И он плавно шагнул ко мне так, что сразу стало ясно, что для него главное.
— Чи, ты на ногах едва держишься, — почему-то отступив, и это было какое-то интуитивное отступление, заметила я.
— О, Кей, ты меня сильно недооцениваешь, — он начал медленно расстегивать рубашку, скинув пиджак небрежным жестом, — знаешь, сколько времени у меня секса не было?
Черт, я не хотела этого знать.
— Намекну, — и он перешел к расстегиванию манжет, — с того момента, как сразу после, мне пришлось мотаться по всей столице Дженеры, разыскивая не в меру прытких уже не девственниц.
— Ты искал меня всю ночь? – потрясенно спросила, как-то неожиданно обнаружив, что в попытке отступить, дошла до стены и отступать больше было некуда.
На губах Адзауро играла все та же пугающе-маникальная ухмылка монстра, дорвавшегося до самого вкусного, но вот он подходит в притык, полуобнаженный, жилистый, весь словно созданный из стальных жестких мышц, его руки упираются в стену по обе стороны от меня, и глядя мне в глаза, Чи едва слышно выдохнул:
— Я искал тебя всю жизнь.
И если я думала, что этот сложный день подошел к концу, то я ошиблась. Очень-очень — очень сильно ошиблась.
Адзауро начал с поцелуев, и я лишь судорожно вздохнула, когда он сжал меня, продолжая целовать все так же жадно, безумно, бесконечно. Тысячи поцелуев, или один бесконечный, то алчный, то сминающий, то пронзительно нежный – я потерялась. Потерялась во времени, потерялась в нем, потерялась в себе.
Я думала, что он устал? Он не устал. Ни капли. Ни на йоту. Ни на грамм. Ни на атом.
Он дорвался! До меня. До возможности быть со мной. До осознания, что я хочу быть с ним. И потому страсть, которая ощущалась почти в воздухе, словно наэлектризовав все вокруг, приобрела неторопливую уверенность в том, что жертва этой самой страсти уже никуда не денется.

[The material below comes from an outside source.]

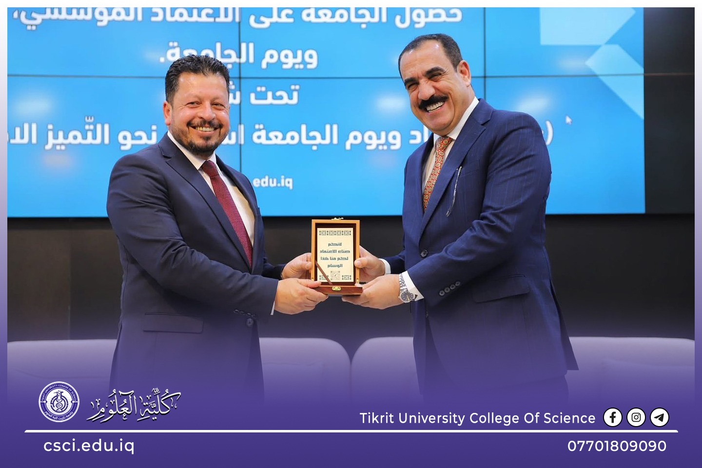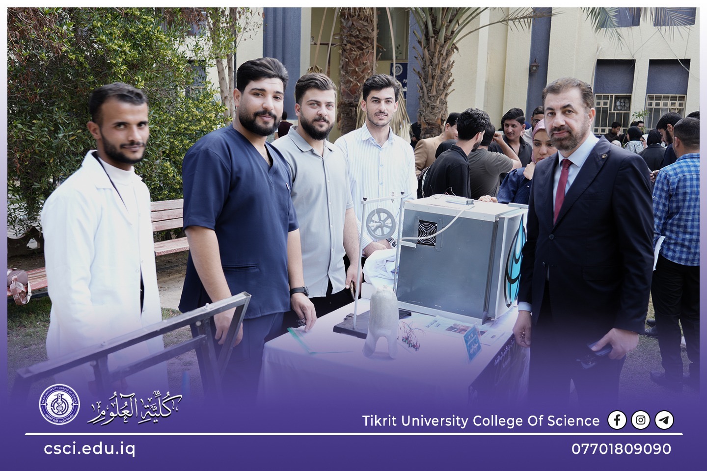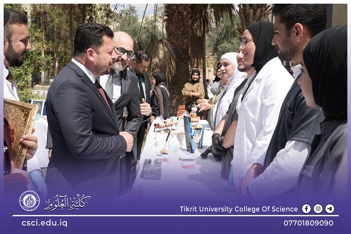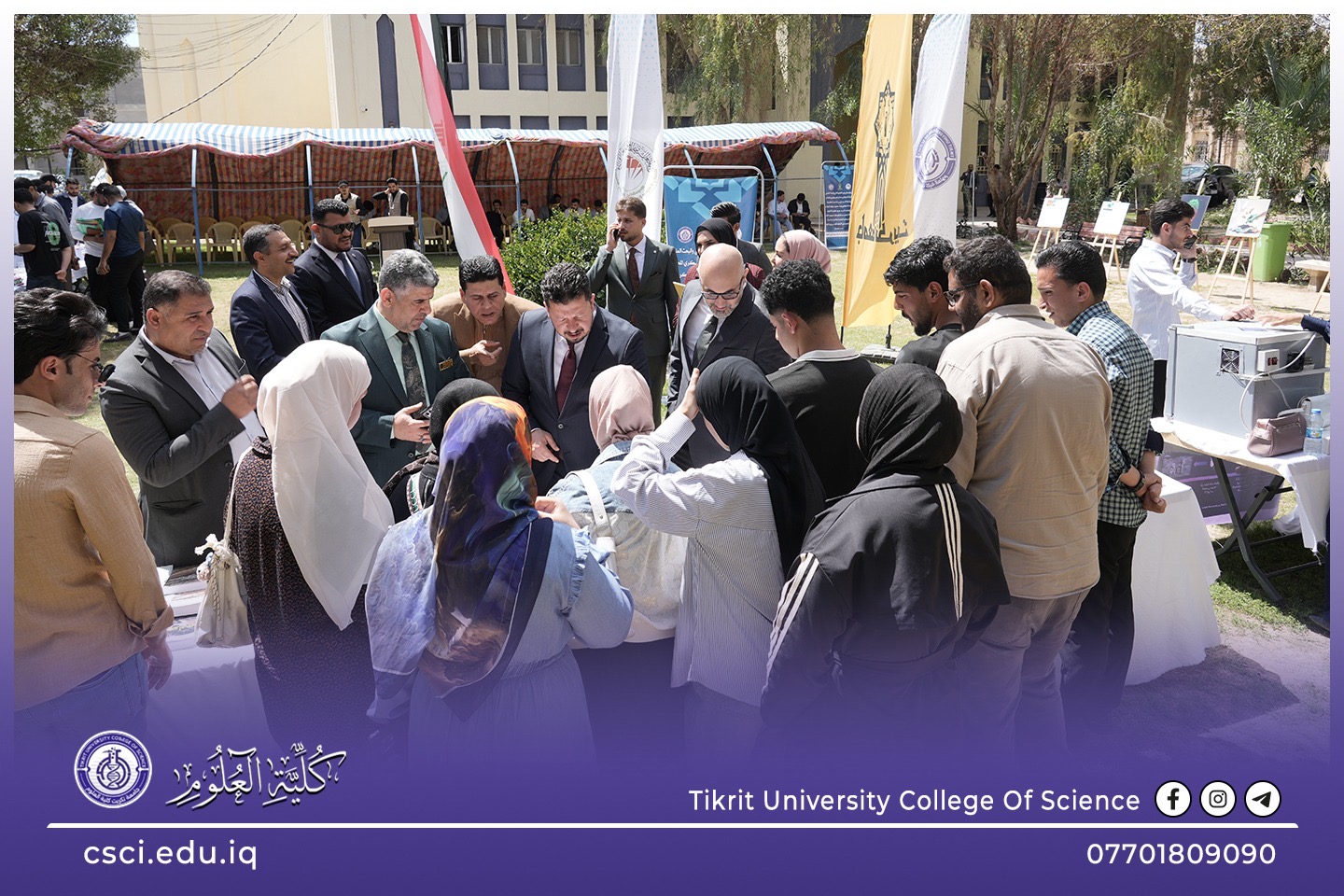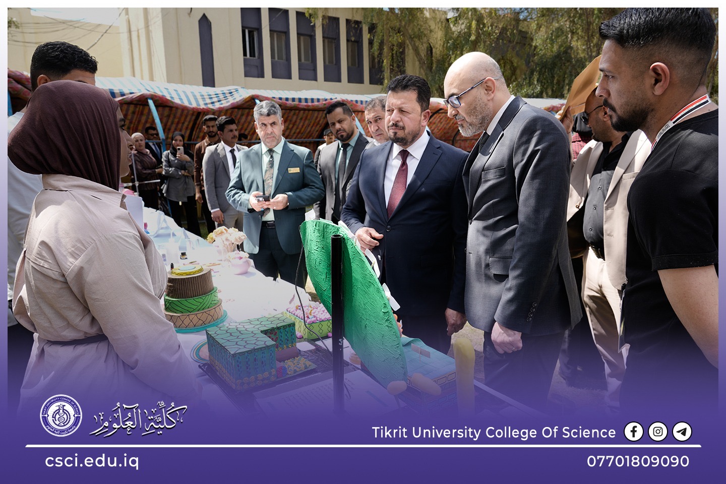 بحضور الأستاذ الدكتور عدنان ابراهيم عبد الجميلي، وكيل وزارة التعليم العالي والبحث العلمي للشؤون الإدارية، وبرعاية السيد رئيس جامعة تكريت الأستاذ الدكتور وعد محمود روؤف، وبإشراف ومتابعة الاستاذ الدكتور عبد الخالق علوان محيميد عميد كلية العلوم نظمت الكلية معرضها العلمي الطلابي السنوي. يأتي هذا الحدث ضمن فعاليات يوم الجامعة، تزامناً مع الإنجاز التاريخي المتمثل بحصول جامعة تكريت على أربع نجوم ونيلها الاعتماد المؤسسي، وهو ما يعكس التزام الكلية بتطبيق أعلى معايير الجودة والتميز الأكاديمي.

Он целовал жадно, и вместе с тем неторопливо, словно наслаждался вкусом моих губ, вкусом моей кожи, вкусом меня, вкусом возможности обладать мной. И при этом, он словно балансировал на грани, на самом краю бездны, не позволяя себе окончательно сорваться вниз. Зато уверенно и умело ввергая в нее меня.
Я задыхалась, теряя ощущение пространства и не понимая, в какой момент мы переместились от стены, до постели. Я выгибалась навстречу его ласками, захлебываясь стонами и собственным криком, я горела, сгорала, полыхала как спичка, но на все мои молчаливые просьбы остановиться, хотя бы на минуту, секунду, мгновение — ответом мне были неумолимые глаза моего монстра, гипнотизирующие, мерцающие нежностью и беспощадностью одновременно, вспыхивающие удовольствием каждый раз, когда я снова срывалась на крик.
Когда-то я ненавидела свое тело – это было до Чи.
Когда-то мне казалось, что сотни операций лишили меня чувственности — это было до Чи.
Когда-то я считала себя холодной и сдержанной – это тоже было до моего монстра.
На моем теле не осталось кожи, которую лишили бы ласки, ничего, что не горело бы от поцелуев, и практически ни капли стыда, потому что совести у моего психа не было, запретных зон тоже, а вот желание заставлять меня захлебываться от стонов, присутствовало в избытке.
Сумасшествие из прикосновений и поцелуев, вихрь космической нежности, неумолимость и непреклонность метеоритного дождя, и улыбка, которую я ощущала, когда он целовал мое тело. А когда его пальцы добрались туда, куда он сам все еще, кажется, не собирался вовсе, последней моей мыслью было: «Надеюсь, тут хорошая звукоизоляция».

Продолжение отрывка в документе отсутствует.